::: SOURCE MATERIAL :::

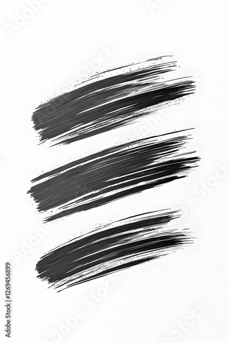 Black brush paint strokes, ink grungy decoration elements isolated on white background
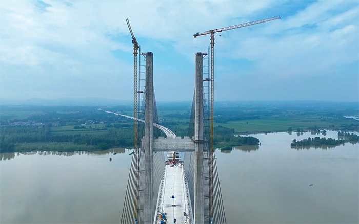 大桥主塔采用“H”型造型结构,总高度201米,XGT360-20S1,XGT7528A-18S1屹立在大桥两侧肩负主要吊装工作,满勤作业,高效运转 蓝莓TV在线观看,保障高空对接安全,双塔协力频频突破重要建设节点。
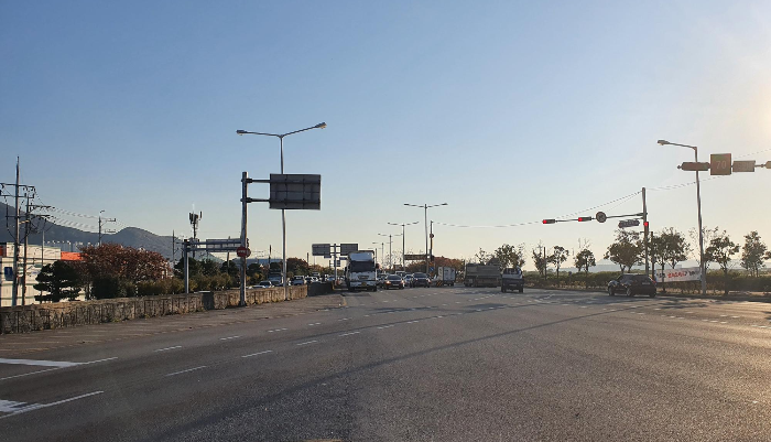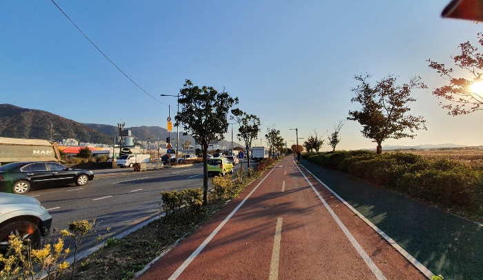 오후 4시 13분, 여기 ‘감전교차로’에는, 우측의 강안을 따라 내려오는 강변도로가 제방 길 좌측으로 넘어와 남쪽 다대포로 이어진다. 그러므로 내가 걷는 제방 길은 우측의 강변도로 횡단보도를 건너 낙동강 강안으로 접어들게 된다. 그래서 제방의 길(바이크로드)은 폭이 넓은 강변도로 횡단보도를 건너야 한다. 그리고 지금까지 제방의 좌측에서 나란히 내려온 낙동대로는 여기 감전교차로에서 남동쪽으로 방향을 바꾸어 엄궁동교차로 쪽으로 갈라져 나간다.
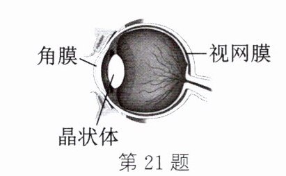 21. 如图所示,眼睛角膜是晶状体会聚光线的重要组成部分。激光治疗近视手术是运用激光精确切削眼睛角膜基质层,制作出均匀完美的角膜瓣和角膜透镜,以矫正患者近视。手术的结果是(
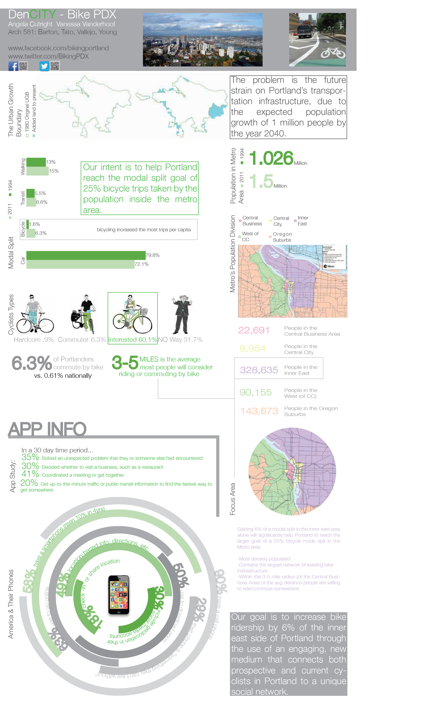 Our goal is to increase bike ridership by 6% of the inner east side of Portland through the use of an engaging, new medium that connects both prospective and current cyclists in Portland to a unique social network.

:::

» PROBLEM DESCRIPTION: Where the line containing "오후 4시 13분, 여기" appears in the records above, begin copying and continue exactly through the last line, with nothing else; omit every picture.

» TASK RESULT:
 오후 4시 13분, 여기 ‘감전교차로’에는, 우측의 강안을 따라 내려오는 강변도로가 제방 길 좌측으로 넘어와 남쪽 다대포로 이어진다. 그러므로 내가 걷는 제방 길은 우측의 강변도로 횡단보도를 건너 낙동강 강안으로 접어들게 된다. 그래서 제방의 길(바이크로드)은 폭이 넓은 강변도로 횡단보도를 건너야 한다. 그리고 지금까지 제방의 좌측에서 나란히 내려온 낙동대로는 여기 감전교차로에서 남동쪽으로 방향을 바꾸어 엄궁동교차로 쪽으로 갈라져 나간다.
 21. 如图所示,眼睛角膜是晶状体会聚光线的重要组成部分。激光治疗近视手术是运用激光精确切削眼睛角膜基质层,制作出均匀完美的角膜瓣和角膜透镜,以矫正患者近视。手术的结果是(
 Our goal is to increase bike ridership by 6% of the inner east side of Portland through the use of an engaging, new medium that connects both prospective and current cyclists in Portland to a unique social network.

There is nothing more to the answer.